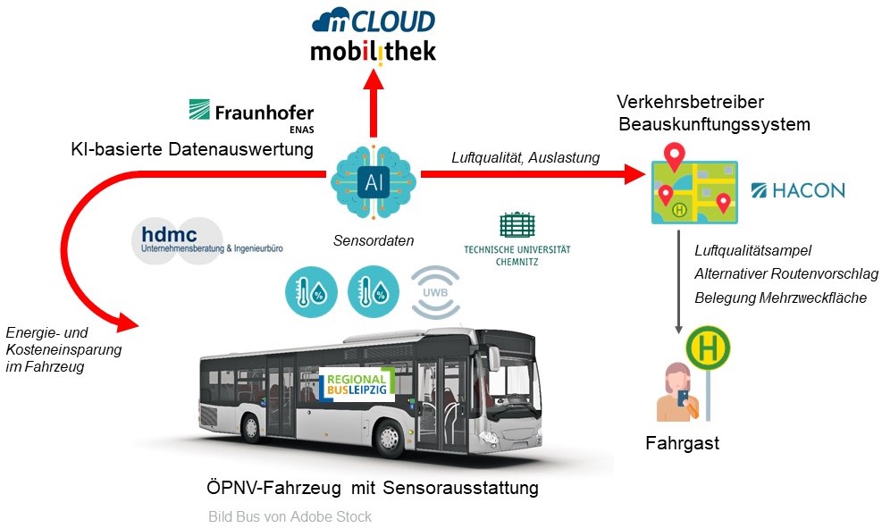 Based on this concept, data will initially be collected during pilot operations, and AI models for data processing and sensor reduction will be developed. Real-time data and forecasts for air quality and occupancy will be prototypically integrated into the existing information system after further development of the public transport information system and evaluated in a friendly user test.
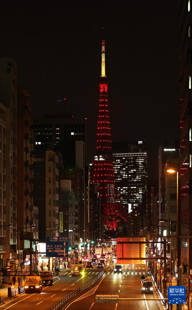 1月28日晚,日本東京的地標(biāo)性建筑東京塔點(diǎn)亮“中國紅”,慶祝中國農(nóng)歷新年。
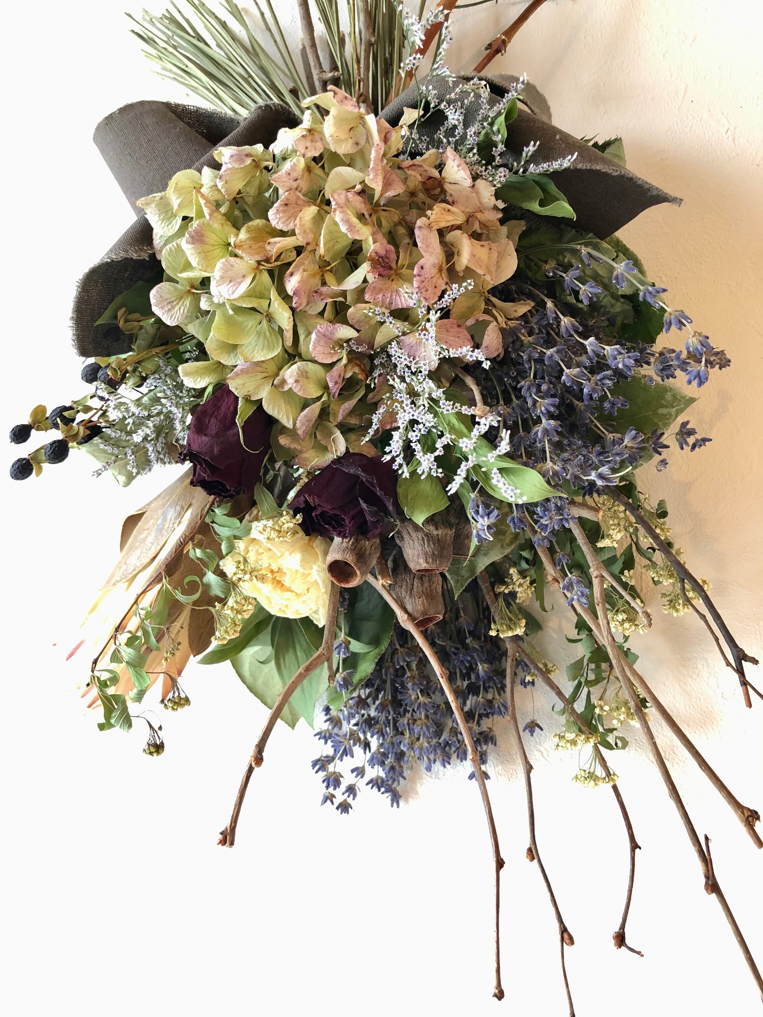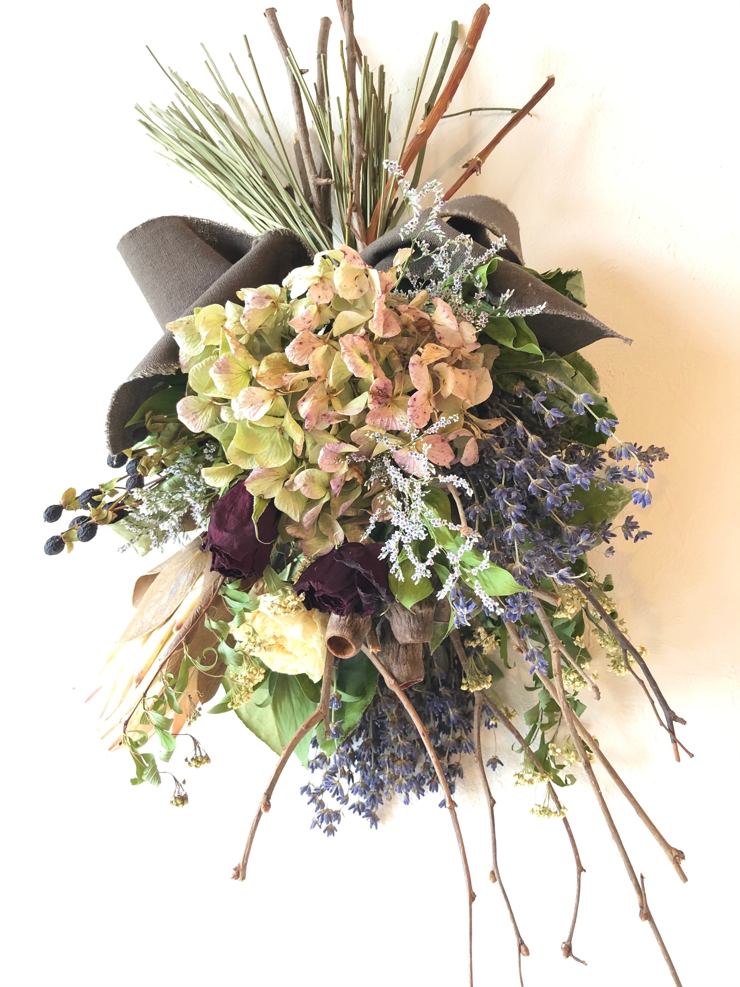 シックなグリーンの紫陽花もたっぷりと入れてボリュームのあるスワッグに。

-----

Your objective:
Without any pictures, repeat the listing exactly.

Output:
 Based on this concept, data will initially be collected during pilot operations, and AI models for data processing and sensor reduction will be developed. Real-time data and forecasts for air quality and occupancy will be prototypically integrated into the existing information system after further development of the public transport information system and evaluated in a friendly user test.
 1月28日晚,日本東京的地標(biāo)性建筑東京塔點(diǎn)亮“中國紅”,慶祝中國農(nóng)歷新年。
 シックなグリーンの紫陽花もたっぷりと入れてボリュームのあるスワッグに。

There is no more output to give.